キャラメルボックスで描かれている他のクロノスシリーズは、Bの世界線の延長上にある物語です。

『クロノス』の物語は、吹原が来美子を救った瞬間にBの世界線に切り替わるので、ラストシーンの暗転後、世界線Aの吹原は来美子の目の前からやはりクロノス・ジョウンターによる時間流の反発を受けて未来に弾き飛ばされると考えます。

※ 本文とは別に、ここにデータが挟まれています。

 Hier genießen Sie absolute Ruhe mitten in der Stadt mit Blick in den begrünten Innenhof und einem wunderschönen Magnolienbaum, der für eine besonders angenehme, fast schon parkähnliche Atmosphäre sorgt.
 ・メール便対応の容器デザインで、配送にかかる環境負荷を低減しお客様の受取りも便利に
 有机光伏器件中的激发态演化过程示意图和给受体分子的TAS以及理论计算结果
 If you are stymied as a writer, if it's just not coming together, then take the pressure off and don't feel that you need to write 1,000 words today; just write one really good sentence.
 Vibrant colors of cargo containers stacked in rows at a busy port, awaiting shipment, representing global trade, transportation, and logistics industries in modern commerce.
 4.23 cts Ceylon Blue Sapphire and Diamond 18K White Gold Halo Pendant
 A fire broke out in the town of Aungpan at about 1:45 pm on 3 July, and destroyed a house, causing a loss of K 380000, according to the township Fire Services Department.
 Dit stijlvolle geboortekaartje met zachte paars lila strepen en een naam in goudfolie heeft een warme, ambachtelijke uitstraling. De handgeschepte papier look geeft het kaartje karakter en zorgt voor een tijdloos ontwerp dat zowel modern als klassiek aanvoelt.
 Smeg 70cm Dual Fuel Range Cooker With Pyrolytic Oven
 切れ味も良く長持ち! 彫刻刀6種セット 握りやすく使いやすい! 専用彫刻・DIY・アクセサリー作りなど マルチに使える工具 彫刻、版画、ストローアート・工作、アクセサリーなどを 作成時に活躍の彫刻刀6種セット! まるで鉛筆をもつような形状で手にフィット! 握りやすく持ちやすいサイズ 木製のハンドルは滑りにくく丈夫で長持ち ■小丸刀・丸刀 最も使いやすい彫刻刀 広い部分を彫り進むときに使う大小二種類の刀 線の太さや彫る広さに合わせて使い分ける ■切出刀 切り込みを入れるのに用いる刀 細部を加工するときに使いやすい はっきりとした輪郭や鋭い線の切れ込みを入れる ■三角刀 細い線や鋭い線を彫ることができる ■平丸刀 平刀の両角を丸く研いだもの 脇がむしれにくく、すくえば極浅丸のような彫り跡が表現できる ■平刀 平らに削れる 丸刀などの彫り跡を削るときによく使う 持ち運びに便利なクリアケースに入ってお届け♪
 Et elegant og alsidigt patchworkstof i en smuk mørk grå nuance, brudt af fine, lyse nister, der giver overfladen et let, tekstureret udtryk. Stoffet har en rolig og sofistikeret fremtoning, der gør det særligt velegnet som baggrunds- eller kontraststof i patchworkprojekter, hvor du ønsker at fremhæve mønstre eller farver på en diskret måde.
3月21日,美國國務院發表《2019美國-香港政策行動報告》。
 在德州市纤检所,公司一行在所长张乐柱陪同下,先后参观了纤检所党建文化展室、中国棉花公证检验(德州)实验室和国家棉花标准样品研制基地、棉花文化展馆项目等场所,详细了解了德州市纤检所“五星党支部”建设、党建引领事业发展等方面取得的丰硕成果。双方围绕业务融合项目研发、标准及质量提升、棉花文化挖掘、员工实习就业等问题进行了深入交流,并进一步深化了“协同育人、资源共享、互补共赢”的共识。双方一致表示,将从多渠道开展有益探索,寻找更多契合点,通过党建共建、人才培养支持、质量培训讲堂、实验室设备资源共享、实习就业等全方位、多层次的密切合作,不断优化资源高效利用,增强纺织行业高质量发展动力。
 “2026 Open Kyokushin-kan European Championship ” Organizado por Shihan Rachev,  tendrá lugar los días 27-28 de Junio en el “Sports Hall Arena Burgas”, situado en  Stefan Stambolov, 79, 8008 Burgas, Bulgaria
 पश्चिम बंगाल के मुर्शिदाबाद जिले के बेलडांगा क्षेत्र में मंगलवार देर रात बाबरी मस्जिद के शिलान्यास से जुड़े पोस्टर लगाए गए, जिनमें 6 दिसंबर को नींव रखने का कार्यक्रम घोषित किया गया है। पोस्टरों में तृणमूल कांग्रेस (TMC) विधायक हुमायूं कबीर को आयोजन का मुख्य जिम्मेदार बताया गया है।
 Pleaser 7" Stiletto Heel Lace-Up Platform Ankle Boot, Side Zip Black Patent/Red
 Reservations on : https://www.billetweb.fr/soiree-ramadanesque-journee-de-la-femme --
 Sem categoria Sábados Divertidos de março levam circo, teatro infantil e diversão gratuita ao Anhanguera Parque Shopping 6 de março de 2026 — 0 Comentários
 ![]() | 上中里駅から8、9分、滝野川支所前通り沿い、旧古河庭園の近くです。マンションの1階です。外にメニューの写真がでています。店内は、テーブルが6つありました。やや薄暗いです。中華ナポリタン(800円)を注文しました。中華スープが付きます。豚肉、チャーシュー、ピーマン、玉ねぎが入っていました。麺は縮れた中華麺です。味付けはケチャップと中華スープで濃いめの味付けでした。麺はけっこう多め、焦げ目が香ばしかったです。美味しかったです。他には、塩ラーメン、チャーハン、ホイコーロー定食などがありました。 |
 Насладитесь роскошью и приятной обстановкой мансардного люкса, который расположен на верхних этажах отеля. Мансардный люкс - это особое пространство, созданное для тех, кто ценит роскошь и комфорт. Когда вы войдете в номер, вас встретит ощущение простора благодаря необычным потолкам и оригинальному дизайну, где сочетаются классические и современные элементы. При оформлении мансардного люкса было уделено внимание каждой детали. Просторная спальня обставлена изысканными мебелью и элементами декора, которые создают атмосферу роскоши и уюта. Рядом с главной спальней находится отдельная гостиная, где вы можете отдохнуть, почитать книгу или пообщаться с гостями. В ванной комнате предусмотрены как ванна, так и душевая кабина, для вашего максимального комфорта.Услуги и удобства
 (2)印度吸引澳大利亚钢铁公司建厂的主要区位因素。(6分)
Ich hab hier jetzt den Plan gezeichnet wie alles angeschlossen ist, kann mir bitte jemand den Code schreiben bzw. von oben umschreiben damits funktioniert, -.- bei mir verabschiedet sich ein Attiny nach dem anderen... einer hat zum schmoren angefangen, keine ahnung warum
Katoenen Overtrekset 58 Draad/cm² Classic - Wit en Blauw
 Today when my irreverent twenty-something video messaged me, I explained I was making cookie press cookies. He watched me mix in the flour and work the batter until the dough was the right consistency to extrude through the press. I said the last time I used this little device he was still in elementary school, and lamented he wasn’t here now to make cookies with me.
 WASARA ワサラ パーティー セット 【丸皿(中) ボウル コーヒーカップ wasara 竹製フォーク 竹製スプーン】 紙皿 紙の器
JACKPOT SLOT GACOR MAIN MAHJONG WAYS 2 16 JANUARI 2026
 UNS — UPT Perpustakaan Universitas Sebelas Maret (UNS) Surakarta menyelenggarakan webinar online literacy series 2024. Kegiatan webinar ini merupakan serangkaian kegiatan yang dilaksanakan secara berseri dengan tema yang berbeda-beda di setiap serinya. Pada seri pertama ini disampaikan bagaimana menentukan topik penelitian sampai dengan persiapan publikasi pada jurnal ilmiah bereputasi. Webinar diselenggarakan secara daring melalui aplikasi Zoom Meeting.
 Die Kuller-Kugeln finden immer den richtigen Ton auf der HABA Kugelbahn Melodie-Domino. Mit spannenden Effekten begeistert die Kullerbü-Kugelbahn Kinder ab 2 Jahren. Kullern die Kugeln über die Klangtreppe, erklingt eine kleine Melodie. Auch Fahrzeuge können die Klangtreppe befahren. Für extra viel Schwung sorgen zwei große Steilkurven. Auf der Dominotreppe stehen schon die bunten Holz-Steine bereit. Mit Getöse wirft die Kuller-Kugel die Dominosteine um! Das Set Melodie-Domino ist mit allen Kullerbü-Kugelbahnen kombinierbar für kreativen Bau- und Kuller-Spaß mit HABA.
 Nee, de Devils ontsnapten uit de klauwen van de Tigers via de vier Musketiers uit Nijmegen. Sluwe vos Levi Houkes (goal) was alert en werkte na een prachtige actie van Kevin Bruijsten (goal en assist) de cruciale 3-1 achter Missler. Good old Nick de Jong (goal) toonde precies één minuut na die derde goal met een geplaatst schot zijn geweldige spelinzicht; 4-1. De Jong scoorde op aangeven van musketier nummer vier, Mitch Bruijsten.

で、そういう考えの元に、私が妄想する吹原の未来、『クロノス』の妄想エンディングはこの2つ。

まずは世界線Bに移行した来美子視点の物語世界

助かった来美子を前に笑みを浮かべる吹原、その姿が消える。
炎に包まれるシック・ブーケを前に、消えた吹原を思い何も考えられない来美子。
そこへ全速力で駆けてくる吹原の姿が見え、来美子はカエルのブローチを握りしめる。

ここの吹原は、来美子が死ぬ世界を知らない世界線Bの吹原ですね。だから吹原を描くよりもここからは来美子を描いた方が良いなぁと。
この後、来年5月の次回公演『あしたあなたあいたい』での野方への来美子の行動に繋がります。

さて、問題の世界線Aの吹原視点の物語世界ですが、

強い風が吹原を吹き付ける、もう抵抗はしない。
目の前の来美子の顔を目に焼き付けて吹原は風にその身を任せた。
目を覚ますとそこには一人の女性が美しい笑みを浮かべている。
「お帰りなさい、吹原くん」

ここは結構願望が入っちゃうんですが、2078年の科幻博物館に戻ってくる。Aの世界線上でも吹原が来美子を救ったことにより、Aの世界線上でも吹原が過去に飛んだ2078年以降は「来美子が生きていた世界線」A’に再構築されるわけです。
原作の『野方耕市の軌跡』で片倉珠貴が生きていたので、そうなるんじゃないかと。とは言え、野方はパーソナル・ボグを付けていたとか諸要件が違うので、ちょっと強引なところは拭えませんが、kikiさんの妄想を取り入れて、元の時間に戻れるようになっていたと思いたいところ。
この後、二人でさちえのいる病院に行って、吹原はさちえと海老名と再会する、と。

ちなみに野方耕市さんですが、キャラメルボックスの『南十字星駅で』は世界線B、原作『野方耕市の軌跡』は世界線Aの物語と考察しています。

どちらの吹原にも、来美子にも幸せになって欲しいよなぁ……と、そんな妄想でした。